NOTE: Sampling does not apply to PROPCOUNT results.
Set up sampling
You must be an Admin in your Amplitude organization in order to make any sampling-related changes.
To set up sampling, follow these steps:
- Click
, then click Projects. Select the project you're interested in. Then click Sampling.
- In the modal that opens, click Edit to set the dynamic sampling rate.
The dynamic sampling rate specifies the frequency with which your data will be queried. For example, if you have 50 million active users per year and you set a dynamic sampling rate of 10%, your queried data will contain 5 million active users per year.
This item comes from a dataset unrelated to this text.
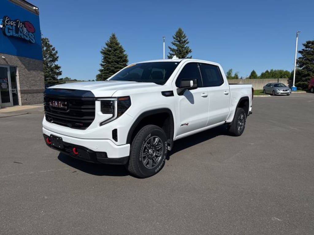 10-Way Power Driver Seat Adjuster w/Lumbar, 10-Way Power Passenger Seat Adjuster w/Lumbar, 120-Volt Bed Mounted Power Outlet, 120-Volt Interior Power Outlet, 18" x 8.5" Machined Aluminum Wheels, 2 Charge/Data USB Ports Inside Center Console, 2 Type-C Charge-Only Rear USB Ports, 2 USB Ports, 220 Amp Alternator, 3.23 Rear Axle Ratio, 4-Wheel Disc Brakes, 7 Speakers, ABS brakes, Air Conditioning, Alloy wheels, AM/FM radio: SiriusXM with 360L, Apple CarPlay/Android Auto, AT4 Preferred Package, Auto High-beam Headlights, Auto-dimming door mirrors, Auto-dimming Rear-View mirror, Auto-Locking Rear Differential, Automatic Emergency Braking, Automatic temperature control, Black Chrome Header & Grille Insert Bars, Block heater, Brake assist, Buckle to Drive, Bumpers: body-color, Color-Keyed Carpeting Floor Covering, Compass, Deep-Tinted Glass, Delay-off headlights, Driver door bin, Driver Memory, Driver vanity mirror, Dual front impact airbags, Dual front side impact airbags, Electric Rear-Window Defogger, Electronic Stability Control, Engine Block Heater, Floor-Mounted Center Console, Following Distance Indicator, Forward Collision Alert, Front anti-roll bar, Front Bucket Seats, Front Center Armrest, Front dual zone A/C, Front fog lights, Front License Plate Kit, Front Pedestrian Braking, Front Prem Floor Liners w/Removable Carpet Insert, Front Rain-Sensing Wipers, Front reading lights, Front wheel independent suspension, Fully automatic headlights, GMC Connected Access Capable, HD Surround Vision, Heated 2nd Row Outboard Seats, Heated door mirrors, Heated Driver & Front Outboard Passenger Seating, Heated front seats, Heated rear seats, Heated steering wheel, Heavy-Duty Air Filter, Hill Descent Control, Hitch Guidance, Hitch View, Illuminated entry, In-Vehicle Trailering System App, Integrated Trailer Brake Controller, IntelliBeam Automatic High Beam On/Off, Keyless Open & Start, Lane Keep Assist w/Lane Departure Warning, LED Cargo Area Lighting, Low tire pressure warning, Memory seat, Navigation System, Occupant sensing airbag, Off-Road Suspension, OnStar & GMC Connected Services Capable, Outside temperature display, Overhead airbag, Overhead console, Panic alarm, Passenger door bin, Passenger vanity mirror, Perforated Front Leather Seat Trim, Perimeter Lighting, Power Door Locks, Power door mirrors, Power driver seat, Power Front Passenger Windows w/Express Up/Down, Power Front Windows w/Driver Express Up/Down, Power passenger seat, Power Rake & Telescoping Steering Column, Power Rear Windows w/Express Down, Power Sliding Rear Window w/Rear Defogger, Power steering, Power Sunroof, Power windows, Preferred Equipment Group 4SB, Premium audio system: GMC Infotainment System, Premium Bose 7-Speaker Sound System, Push Button Start, Radio data system, Radio: Premium GMC Infotainment Audio System, Rain sensing wipers, Rear Cross Traffic Braking, Rear Pedestrian Detection, Rear Prem Floor Liners w/Removable Carpet Insert, Rear reading lights, Rear seat center armrest, Rear step bumper, Rear Wheelhouse Liners, Rear window defroster, Red Recovery Hooks, Remote keyless entry, Remote Vehicle Starter System, Safety Alert Seat, Security system, SiriusXM w/360L, Speed control, Speed-sensing steering, Split folding rear seat, Spray-On Pickup Bedliner w/AT4 Logo, Steering Wheel Audio Controls, Steering wheel mounted audio controls, Tachometer, Telescoping steering wheel, Theft Deterrent System (Unauthorized Entry), Tilt steering wheel, Traction control, Trailer Camera Provisions, Trailer Side Blind Zone Alert, Trailering Package, Trip computer, Ultrasonic Front & Rear Park Assist, Universal Home Remote, Variably intermittent wipers, Ventilated Driver & Front Passenger Seats, Ventilated front seats, Voltmeter, Wi-Fi Hotspot Capable, Wireless Apple CarPlay/Wireless Android Auto, Wireless Char

Your event costs will be significantly lower, yet you'll still have more than enough data to generate highly accurate analyses.
- Next, set your user property inclusion list, if desired.
This list acts as a safelist to set aside small, key sub-populations from your sampling process. Users included in these populations will be exempt from sampling, and will always appear in your data. These populations are defined by the user properties and values you select in this step.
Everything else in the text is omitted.